# Watching Superbowl in Mumbai



## SASQUATCH555 (Jan 29, 2013)

Hello All,

I will be in Mumbai for a few weeks starting the beginning of February and was wondering, does anyone know a good bar to watch the superbowl at? I know it will be on at some ungodly hour (around 5am??) but it would be a lot of fun to watch with some other football fans. GO RAVENS

Thanks for the help,
Nathan


----------



## amersss (Jan 30, 2013)

Hi Nathan!

I think I'll be visiting some friends in Mumbai this weekend (I currently live in Pune), and we're also looking for a place to watch the game. If you find a place, let us know and we'll try to meet you there!

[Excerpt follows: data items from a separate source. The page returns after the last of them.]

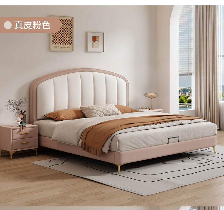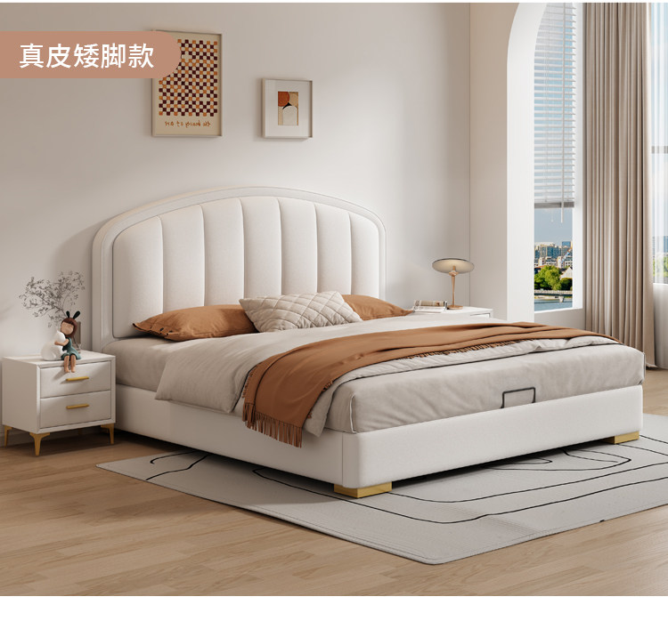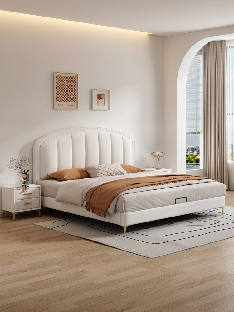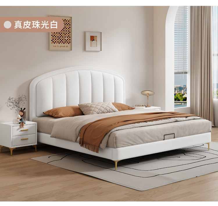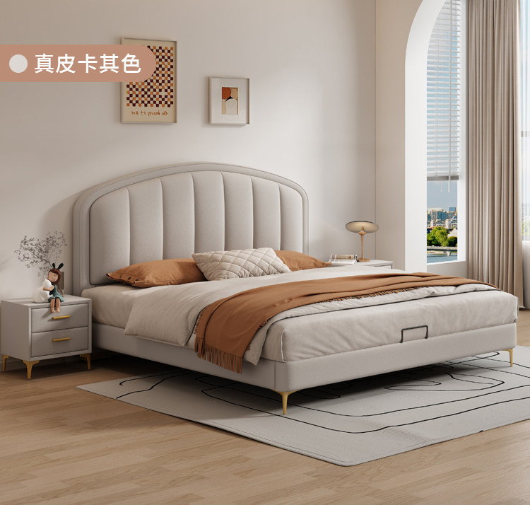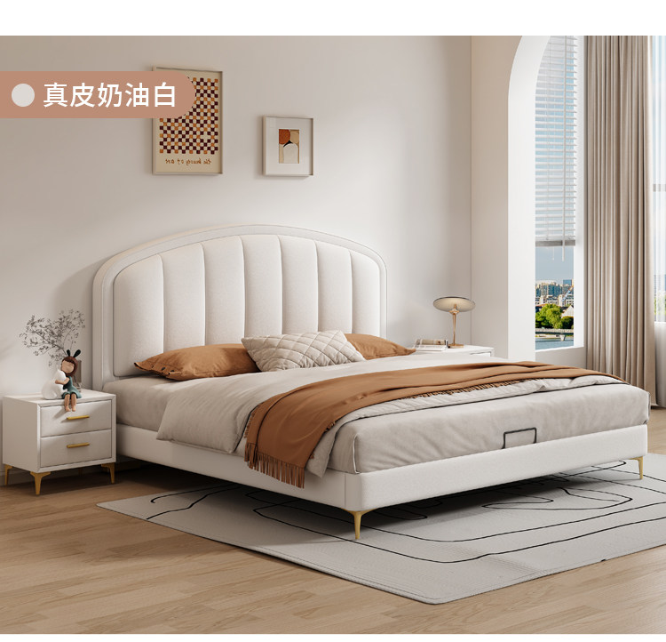 Cream-Style Genuine Leather Bed, Light Luxury Master Bedroom, 1.8m Double Storage Bed, Modern Simple Small Apartment, 1.5m Solid Wood Wedding Bed
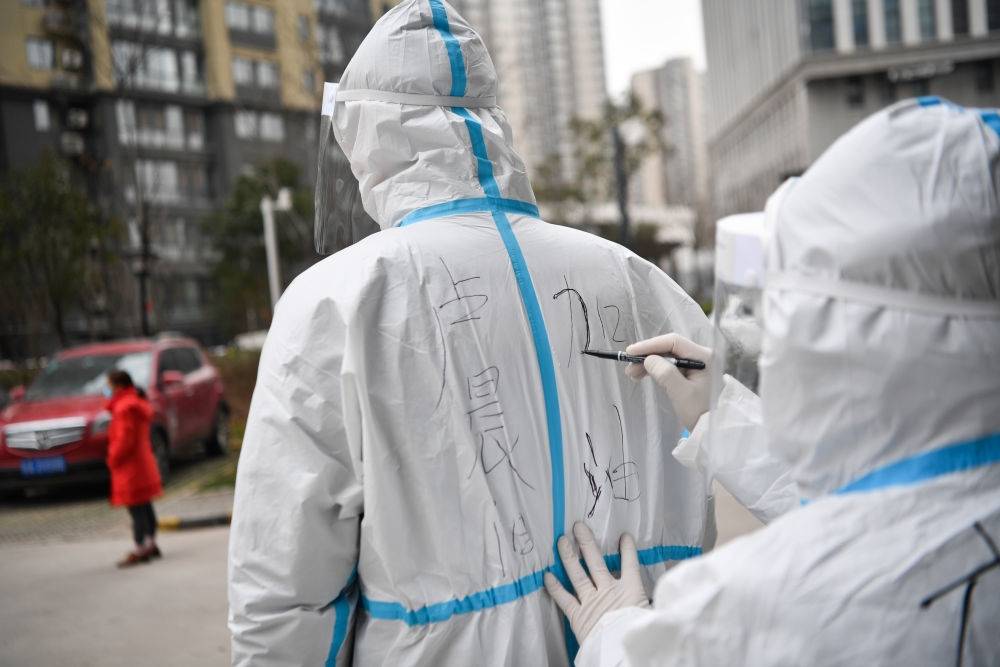 12月27日,在西安市雁塔区孟村小区,社区工作人员在防护服上写加油标语。新华社记者 张博文 摄
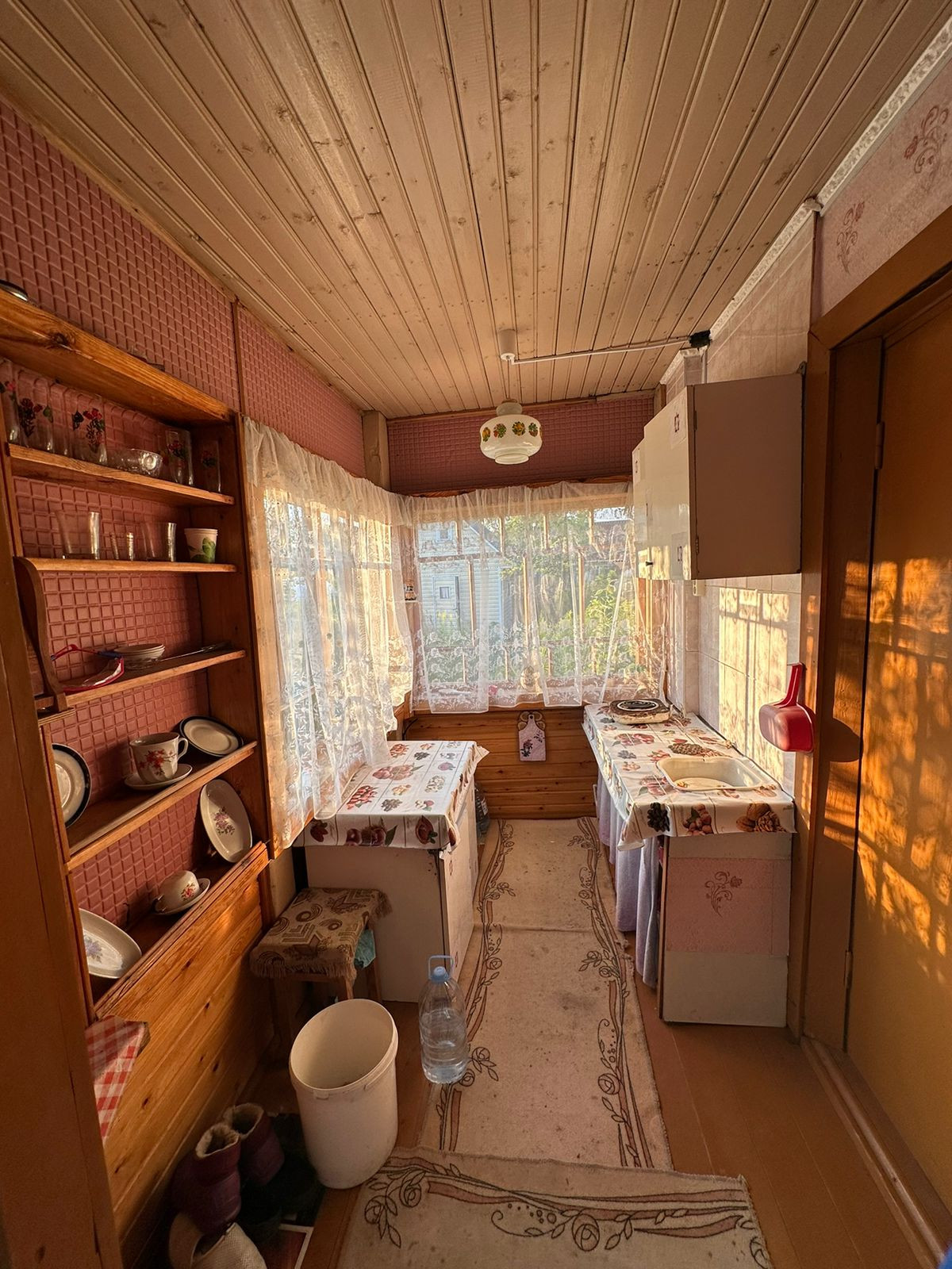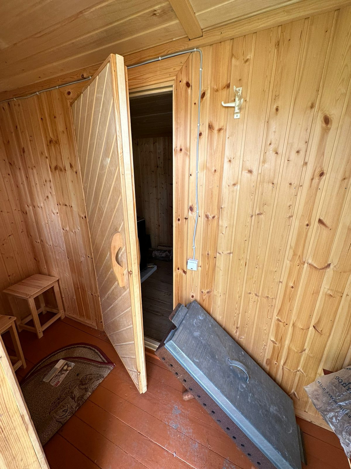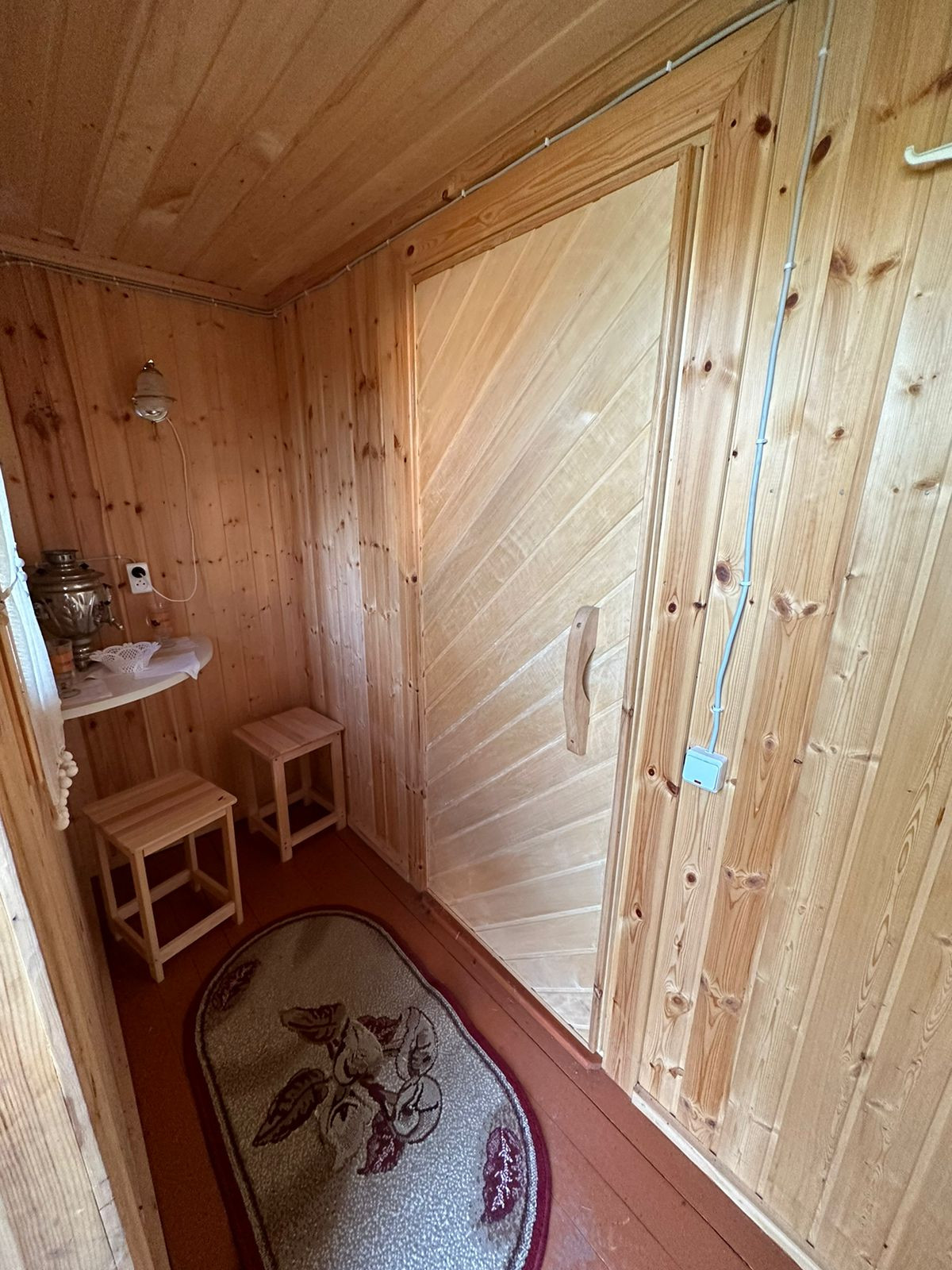 Баня- новая 6*4 из бруса, крыша ондулин. Установлена на сваях. В бане есть: парилка, моечное отделение, с подачей воды сверху, и с/узел. А также с отдельным входом -помещение для хранения хоз.инвентаря.

Full disclosure: I'm a 49ers fan. 

Best,
Amy


----------



## Niners Fan (Feb 3, 2013)

*Go Niners*

I dont know where to watch the game i might just do it online .... Go Niners 
If someone has a place figured out let me know ... cant wait .....


----------



## Niners Fan (Feb 3, 2013)

I am gonna watch it at home ... i am gonna get it on DTH .... u can reach me on 9920984120 Gautam


----------



## gabbar12690 (Feb 12, 2013)

i also want to know about some places like that... if you get to know then inform me also plz....


----------